Das schließt es ein, selbst über einen Eingriff in die Intimsphäre durch körperlichen Kontakt zu bestimmen. Bei Handlungen, deren Sexualbezogenheit aus sich heraus nicht zwingend ist, wie beispielsweise Umarmungen, kann sich eine Sexualbezogenheit aufgrund der mit ihnen verfolgten sexuellen Absicht ergeben. Eine solche kann auch darin bestehen, den Betroffenen unter Verletzung seines Rechts auf Selbstbestimmung sexualbezogen zu beschämen.

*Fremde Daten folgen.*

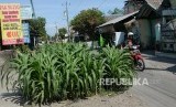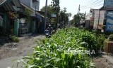 Tanam Jagung di Lahan Proyek. Tanaman jagung tumbuh subur pada lahan proyek drainase di Jalan Babaran, Yogyakarta, Kamis (31/10/2019). (FOTO : Republika/ Wihdan)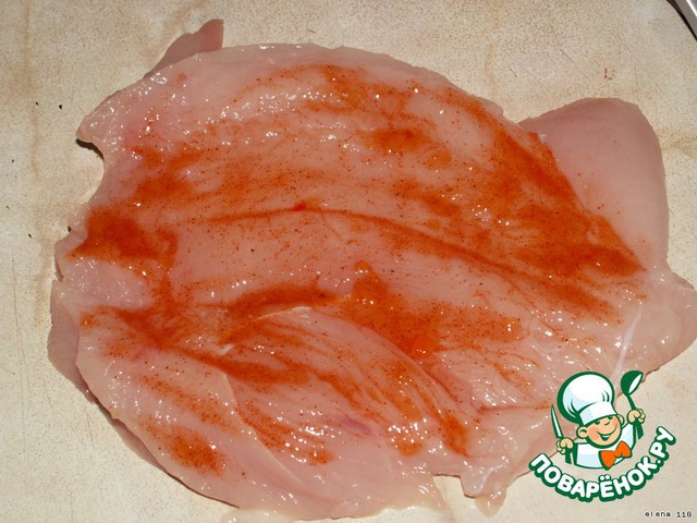 Грудки разрезать посередине, потом сделать надрез вправо и влево, раскрыть мясо, чтобы у вас получился пласт. Посолить с двух сторон.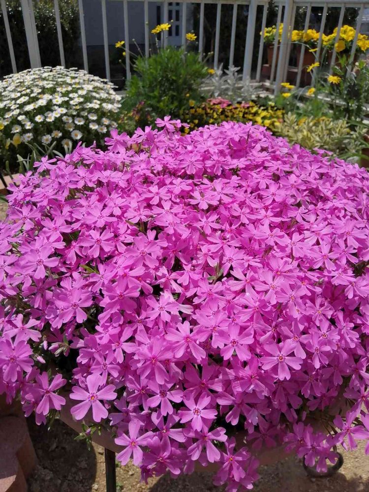 2021年挿し芽した芝桜33cmの丸プランターからあふれる程咲いてくれた!やっぱり株の更新の力は強いです。こんな満開になるのは初めて🎉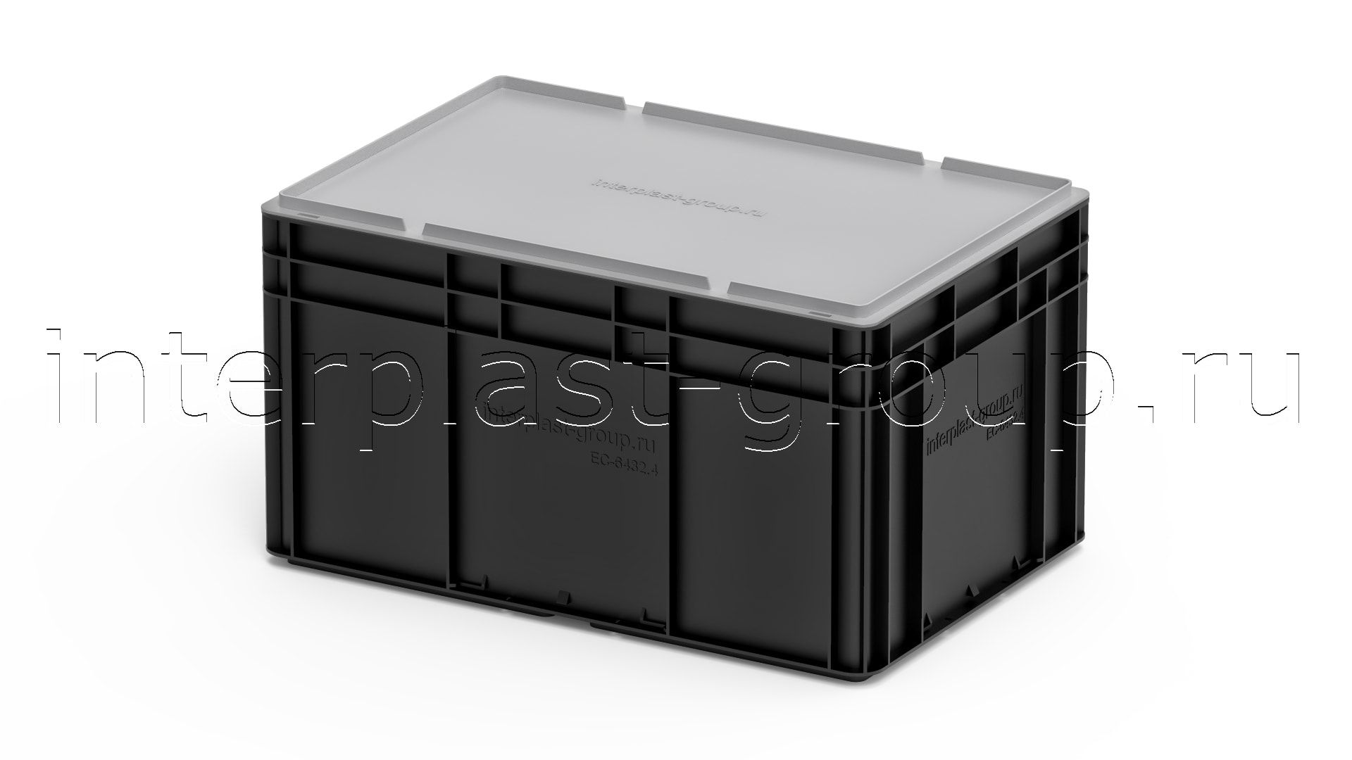 Евроконтейнер закрытые ручки/усиленное дно (черный), 600x400x320 мм

Geht es dagegen um ein Verhalten, das das Geschlechtliche im Menschen unmittelbar zum Gegenstand hat, genügt für das „Bewirken“ iSv. § 3 Abs. 4 AGG der bloße Eintritt der Belästigung. Gegenteilige Absichten oder Vorstellungen der für dieses Ergebnis aufgrund ihres Verhaltens objektiv verantwortlichen Person spielen keine Rolle. Das Tatbestandsmerkmal der Unerwünschtheit verlangt – anders als noch § 2 Abs. 2 Satz 2 Nr. 2 BSchG (Beschäftigtenschutzgesetz) – nicht, dass der Betroffene seine ablehnende Einstellung zu den fraglichen Verhaltensweisen aktiv verdeutlicht hat. Maßgeblich ist allein, ob die Unerwünschtheit der Verhaltensweise objektiv erkennbar war.